A key feature of Obamacare has been postponed for mid-sized employers: the “pay or play” (formally, the “employer shared responsibility”) provisions that will require employers with at least 50 full-time equivalent employees to either provide minimum essential coverage to substantially all (i.e, 95%) of their full-time employees or pay excise taxes. The provisions were originally to have become effective on January 1, 2014 but were previously postponed to January 1, 2015. Final regulations issued on February 10, 2014 further postpone the application of those provisions to employers with between 50 and 99 full-time equivalent employees until January 1, 2016.

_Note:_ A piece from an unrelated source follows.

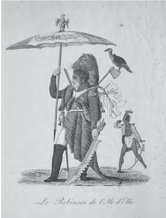
Afb. 3 Spotprent Le Robinson de l'Île d'Elbe . Atlas van Stolk (Rotterdam 1814).

Dat het verhaal van Robinson Crusoe binnen de context van de Napoleontische oorlogen inderdaad een politieke lading kon krijgen, blijkt uit het feit dat De Pixierécourt's werk in 1814 een politiek vervolg kreeg. In mei 1814, kort nadat Napoleon op het eiland Elba als banneling was aangekomen, verscheen een spotprent waarin Napoleon als Robinson Crusoe werd voorgesteld. Die prent greep direct terug op het toneelstuk van De Pixierécourt uit 1805. Robinson en Napoleon vielen in de nieuwe politieke context gemakkelijk met elkaar te verbinden: beiden zaten tegen hun wil vast op een eiland en moesten zich in die omstandigheden zien te redden. Het verschil was natuurlijk dat Robinson in principe een deugdheld was, terwijl Napoleon door de vijandige mogendheden als een moordlustige tiran werd beschouwd.

Employers with at least 100 full-time employees will still become subject to the pay or play rules on January 1, 2015, but the new guidance does provide a helpful one-year transition rule. For these large employers, “substantially all” full-time employees has been redefined to mean 70% instead of 95%. In other words, large employers that provide minimum essential coverage to 70% of their full-time employees in 2015 will not be subject to the “sledge hammer” penalty of $2,000 per full-time employee. However, they would still be potentially subject to the smaller “tack hammer” penalty of $3,000 per full-time employee who receives subsidized coverage through the Exchange. In 2016, “substantially all” reverts to the 95% threshold.
The new regulations also update and revise transition rules for non-calendar year plans, as well as clarify the methods employers may use to track employee hours to determine who is considered a full-time employee.